Thursday, December 6, 2012

What Children Once Read, And A Veteran On Vietnam

The Young Folks Library set of children's books includes Famous Myths and Legends, in which may be found Charles Kingsley's retelling of a Greek myth about Jason and The Golden Fleece, "The Argonauts":
[The young Jason is tutored by a magical being, Cheiron the centaur, whose "eyes were wise and mild." When the day was come, Cheiron said, "Will you promise me two things before you go?" Jason promised, and Cheiron said, "Speak harshly to no soul whom you may meet, and stand by the word which you shall speak."]

As Jason traveled it came to pass that:
On the bank of [the raging flood] Anauros sat a woman, all wrinkled, gray, and old . . . "Who will carry me across the flood?"

And Jason was going to answer her scornfully, when Cheiron's words came to his mind.

[Jason carries the old woman across, she whining and berating him all the while:] He lay panting awhile on the bank . . . but he cast one look at the old woman . . .

And as he looked, she grew fairer than all women, and taller than all men on earth; and her garments shone like the summer sea, and her jewels like the stars of heaven; and over her forehead was a veil, woven of the golden clouds of sunset; and through the veil she looked down on him . . . with great eyes, mild and awful, which filled all the glen with light. . . .

And she spoke"I am the Queen of Olympus, Hera the wife of Zeus. As thou hast done to me, so will I do to thee. Call on me in the hour of need, and try if the Immortals can forget." [Emphasis added]
I think the grandeur of mythic vision, and the simple but solid ethical principles in, for example, Cheiron's advice to the young Jason, make it worth putting on the lifetime list.

***

The best selling novelist Nelson DeMille, who had served in Vietnam, spent some time in the communist regime there before publishing Up Country in 2002:
I avoided looking at Susan and said, “I wiped the blood off my knife on his pants, … and started walking away. I looked up and saw two guys from my company, who’d come to find me, and they’d seen some of this.
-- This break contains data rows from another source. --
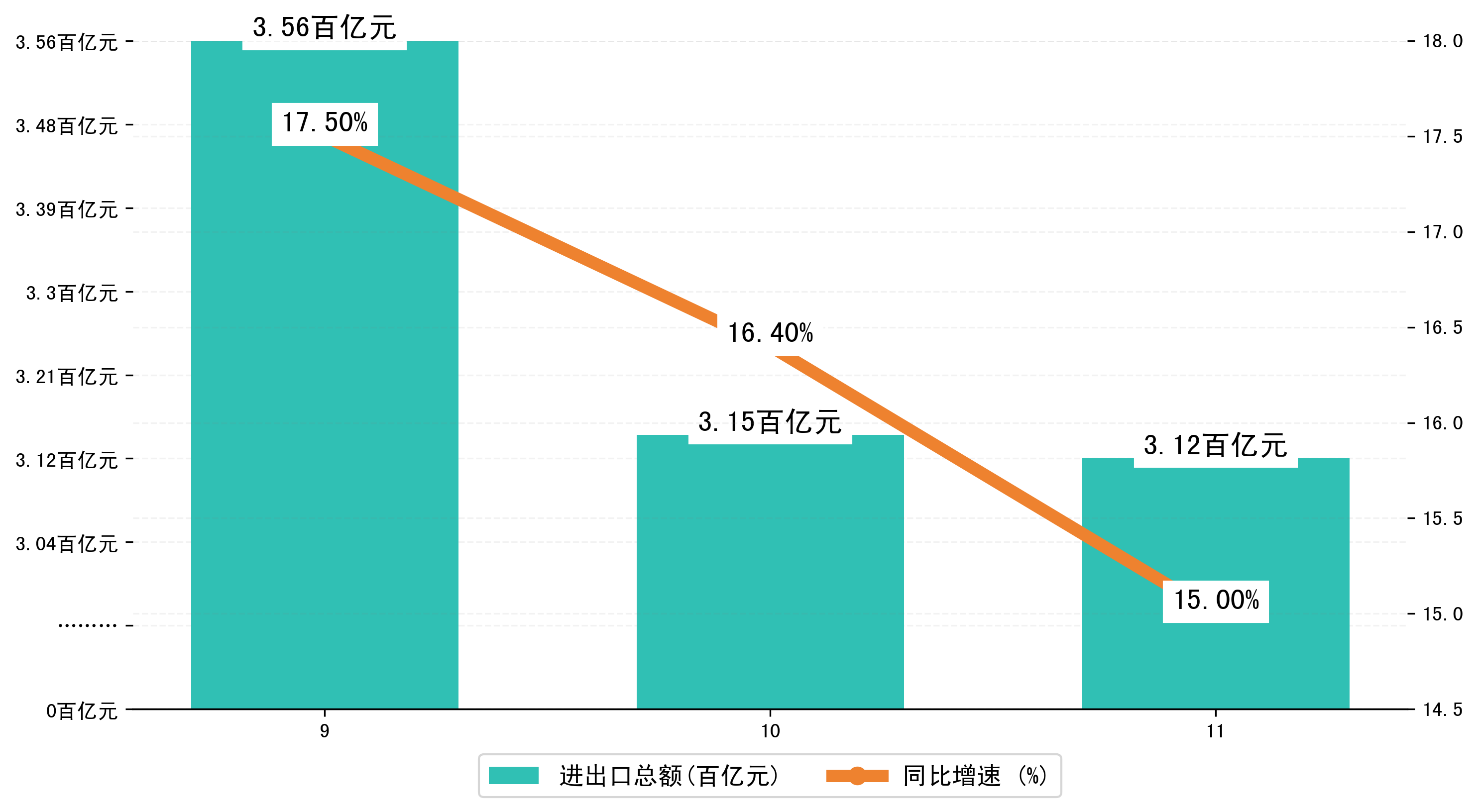 (图一:2024年9-11月惠州市进出口总额)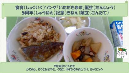 毎日のようにお昼の放送で流れている八王子市のオリジナル食育ソング「いただきます」が誕生5周年を迎えます。今日の給食では、5周年を記念して、「いただきます」の作詞作曲を担当した、フラチナリズムのモリナオフミさんの出身地、高知県の郷土料理と八王子市の料理を記念献立でいただきます。ぜひ、残さずに食べてくださいね!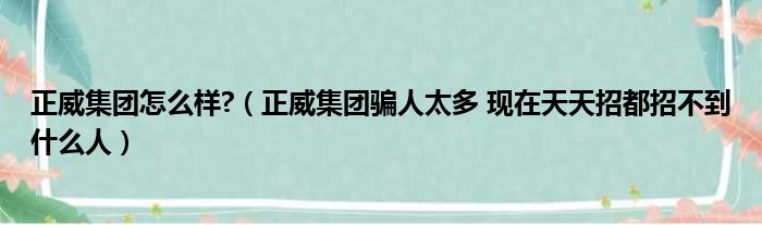 正威集团怎么样?(正威集团骗人太多 现在天天招都招不到什么人)
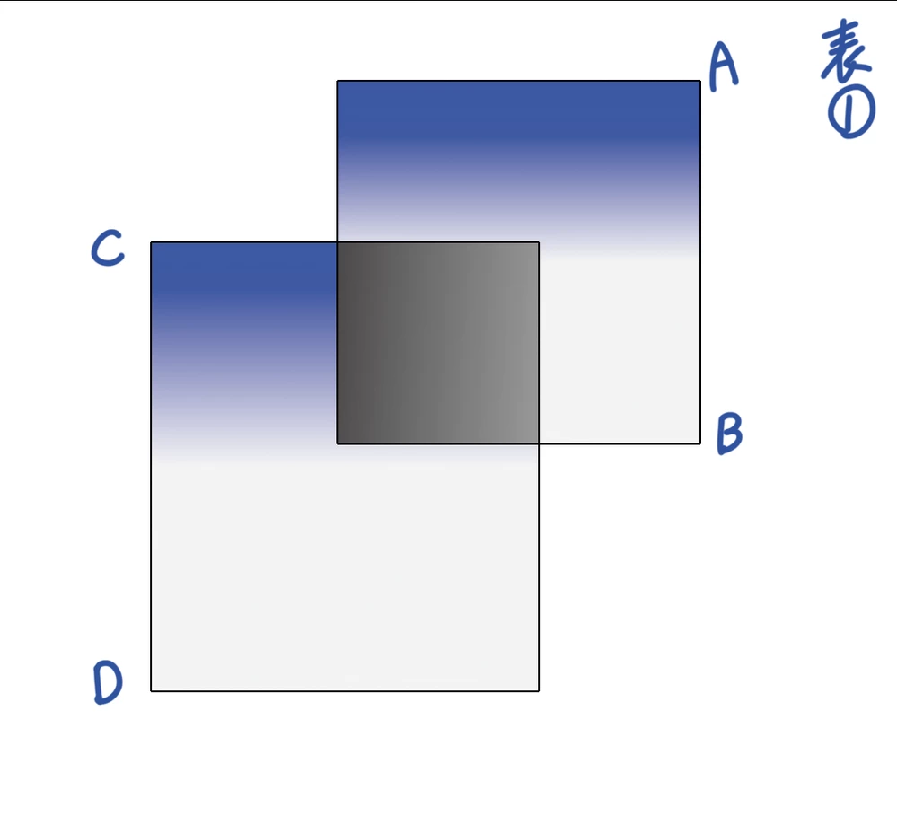 ですので表1のようにオブジェクトごとに個々のグラデーションが引かれている状態になってしまいます。
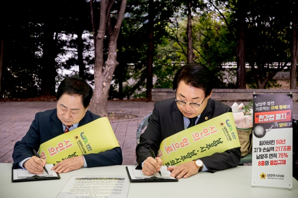 이어 “특별히 오늘 행사장에 남양주시와 남양주시의회가 함께 마련한 한강법 폐지 서명운동 부스가 운영되고 있다”고 밝히며 “지난 50여 년간 남양주에 가해진 한강법 등 각종 규제로 인해 큰 불편과 희생을 겪어오신 시민 여러분들의 고통을 덜어드리고 남양주의 새로운 미래를 열어가기 위해 불합리한 규제 철폐와 한강법 폐지는 반드시 이뤄내야 할 과제”고 강조했다.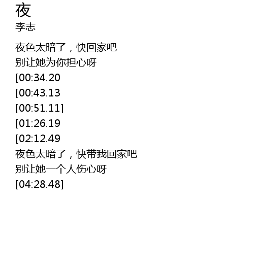 | [03:57.00] | 夜色太暗了,快带我回家吧 |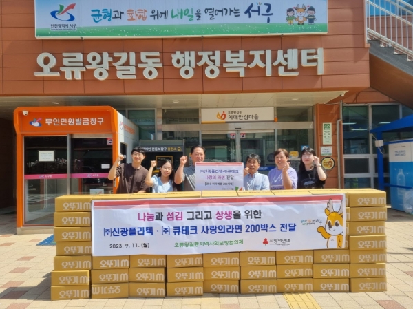 [금요저널] 인천 서구 오류동 검단산업단지에 위치한 ㈜신광플라텍과 ㈜큐테크는 지난 11일 추석 명절을 맞이해, 관내 어려운 이웃들을 위해 라면 200박스를 오류왕길동행정복지센터에 기부했다.

One guy took my rifle out of my hand and fired three signal shots into the air. He said to me, ‘The rifle works, Brenner.’ These guys looked at me . . . I mean, we were all a little nuts by then, but . . . this was above and beyond nuts, and they knew it.” … “He looked at me and says, ‘How the f--- did you get into hand-to-hand with this guy?’” p. 410
I imagined Captain Tram and his comrades sitting in their bunkers or slit trenches at night, … hoping for a quiet evening. Meanwhile, six miles overhead, too high to be seen or heard, a flight of huge, eight-engine B-52 bombers all released their thousand-pound bombs. … Arc Light Strikes, they were called, and they transformed the earth below into a here-and-now hell, … 
We’d found hundreds of North Vietnamese here, lying down, staring up at the sky, blood running from their ears, nose, mouth, or wandering around like zombies. They weren’t worth taking as prisoners, they were beyond medical help, and we didn’t know if we should shoot them or not waste the time. p. 439
Truly great writing by a Viet War vet. He went back to modern Vietnam and describes the situation of those who fought on the American sideunder the current shabby Communist North regimewith the same compassionate honesty; for example, the South Vietnamese fighter pilot reduced to peddling a rickshaw.

And Susan Weber is one of the great descriptions of a modern upscale expatriate woman in popular fiction. The conversations between the POV char. and her are smart and accurate.